### Problem requirements
All the lines below need to be transcribed exactly. Pictures get left out.

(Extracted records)

-=-=-

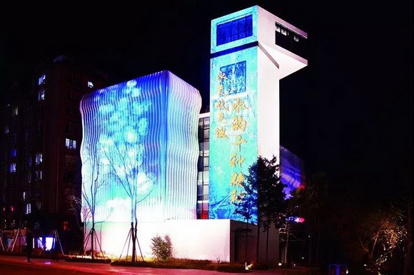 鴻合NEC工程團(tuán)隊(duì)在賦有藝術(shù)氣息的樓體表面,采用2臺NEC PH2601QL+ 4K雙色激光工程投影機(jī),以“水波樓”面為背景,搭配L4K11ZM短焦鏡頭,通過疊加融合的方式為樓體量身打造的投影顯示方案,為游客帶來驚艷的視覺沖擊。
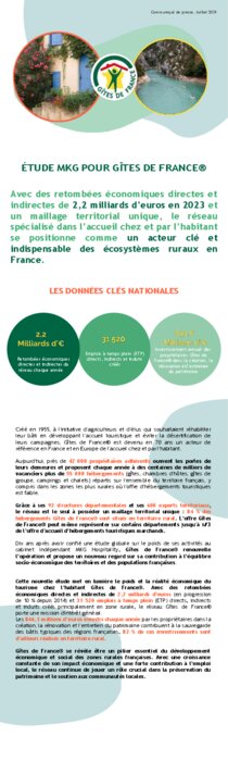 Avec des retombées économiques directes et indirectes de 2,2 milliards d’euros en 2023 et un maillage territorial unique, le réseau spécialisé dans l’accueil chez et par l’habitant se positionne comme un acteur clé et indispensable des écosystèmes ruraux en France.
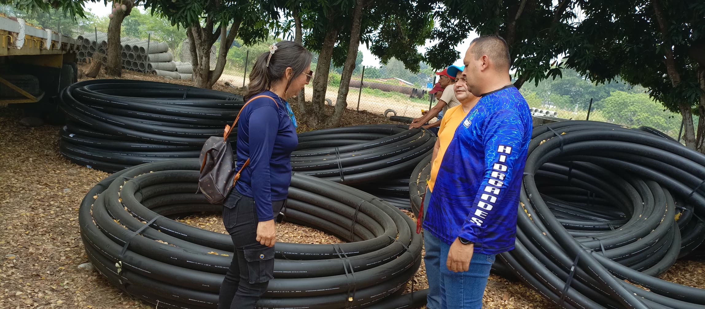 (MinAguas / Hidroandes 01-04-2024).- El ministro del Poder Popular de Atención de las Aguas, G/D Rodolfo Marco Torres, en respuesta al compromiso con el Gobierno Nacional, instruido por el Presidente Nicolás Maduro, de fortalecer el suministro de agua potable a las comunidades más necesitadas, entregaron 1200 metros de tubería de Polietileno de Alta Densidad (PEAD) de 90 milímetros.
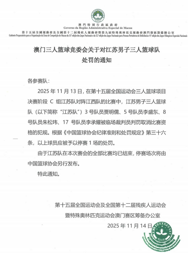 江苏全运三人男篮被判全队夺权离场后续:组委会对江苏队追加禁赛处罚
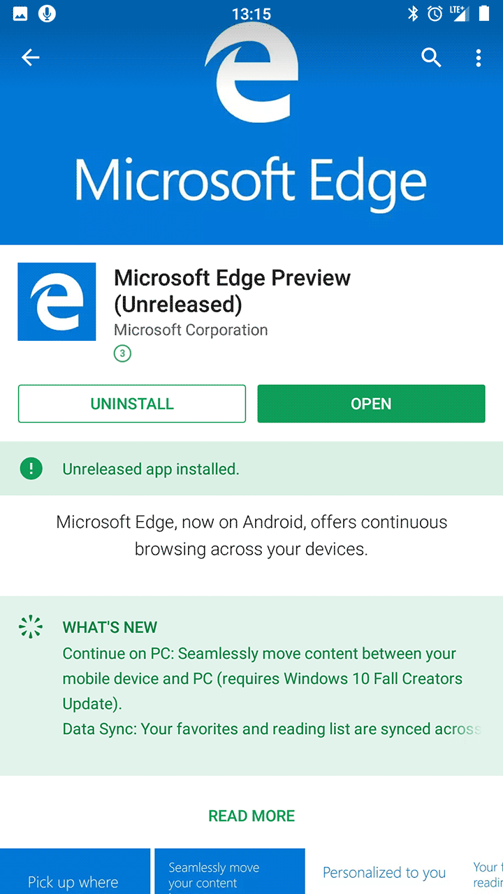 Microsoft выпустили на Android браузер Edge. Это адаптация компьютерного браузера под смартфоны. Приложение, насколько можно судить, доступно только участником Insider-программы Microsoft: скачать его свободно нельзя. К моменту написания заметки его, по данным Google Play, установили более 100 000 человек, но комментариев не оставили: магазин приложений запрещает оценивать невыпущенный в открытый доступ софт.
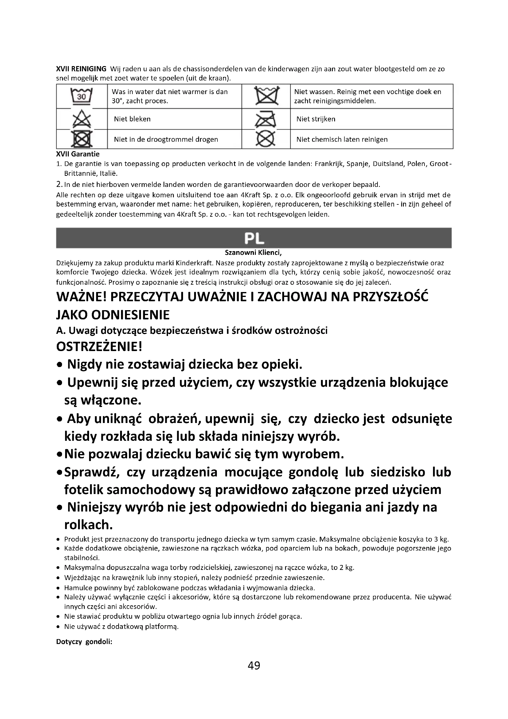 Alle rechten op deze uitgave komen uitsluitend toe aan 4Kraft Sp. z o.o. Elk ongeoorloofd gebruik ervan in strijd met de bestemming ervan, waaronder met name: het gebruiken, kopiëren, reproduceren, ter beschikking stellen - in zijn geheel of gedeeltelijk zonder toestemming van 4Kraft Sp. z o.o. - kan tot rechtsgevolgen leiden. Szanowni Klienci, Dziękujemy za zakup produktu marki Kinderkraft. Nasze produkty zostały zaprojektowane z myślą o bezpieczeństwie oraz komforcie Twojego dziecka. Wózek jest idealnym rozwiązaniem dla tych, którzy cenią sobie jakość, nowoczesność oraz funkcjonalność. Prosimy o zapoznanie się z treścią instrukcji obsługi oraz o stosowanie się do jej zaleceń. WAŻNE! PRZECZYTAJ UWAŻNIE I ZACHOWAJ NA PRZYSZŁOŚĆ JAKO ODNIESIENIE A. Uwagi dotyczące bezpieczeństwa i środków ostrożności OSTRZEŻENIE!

-=-=-

### Answer space
 鴻合NEC工程團(tuán)隊(duì)在賦有藝術(shù)氣息的樓體表面,采用2臺NEC PH2601QL+ 4K雙色激光工程投影機(jī),以“水波樓”面為背景,搭配L4K11ZM短焦鏡頭,通過疊加融合的方式為樓體量身打造的投影顯示方案,為游客帶來驚艷的視覺沖擊。
 Avec des retombées économiques directes et indirectes de 2,2 milliards d’euros en 2023 et un maillage territorial unique, le réseau spécialisé dans l’accueil chez et par l’habitant se positionne comme un acteur clé et indispensable des écosystèmes ruraux en France.
 (MinAguas / Hidroandes 01-04-2024).- El ministro del Poder Popular de Atención de las Aguas, G/D Rodolfo Marco Torres, en respuesta al compromiso con el Gobierno Nacional, instruido por el Presidente Nicolás Maduro, de fortalecer el suministro de agua potable a las comunidades más necesitadas, entregaron 1200 metros de tubería de Polietileno de Alta Densidad (PEAD) de 90 milímetros.
 江苏全运三人男篮被判全队夺权离场后续:组委会对江苏队追加禁赛处罚
 Microsoft выпустили на Android браузер Edge. Это адаптация компьютерного браузера под смартфоны. Приложение, насколько можно судить, доступно только участником Insider-программы Microsoft: скачать его свободно нельзя. К моменту написания заметки его, по данным Google Play, установили более 100 000 человек, но комментариев не оставили: магазин приложений запрещает оценивать невыпущенный в открытый доступ софт.
 Alle rechten op deze uitgave komen uitsluitend toe aan 4Kraft Sp. z o.o. Elk ongeoorloofd gebruik ervan in strijd met de bestemming ervan, waaronder met name: het gebruiken, kopiëren, reproduceren, ter beschikking stellen - in zijn geheel of gedeeltelijk zonder toestemming van 4Kraft Sp. z o.o. - kan tot rechtsgevolgen leiden. Szanowni Klienci, Dziękujemy za zakup produktu marki Kinderkraft. Nasze produkty zostały zaprojektowane z myślą o bezpieczeństwie oraz komforcie Twojego dziecka. Wózek jest idealnym rozwiązaniem dla tych, którzy cenią sobie jakość, nowoczesność oraz funkcjonalność. Prosimy o zapoznanie się z treścią instrukcji obsługi oraz o stosowanie się do jej zaleceń. WAŻNE! PRZECZYTAJ UWAŻNIE I ZACHOWAJ NA PRZYSZŁOŚĆ JAKO ODNIESIENIE A. Uwagi dotyczące bezpieczeństwa i środków ostrożności OSTRZEŻENIE!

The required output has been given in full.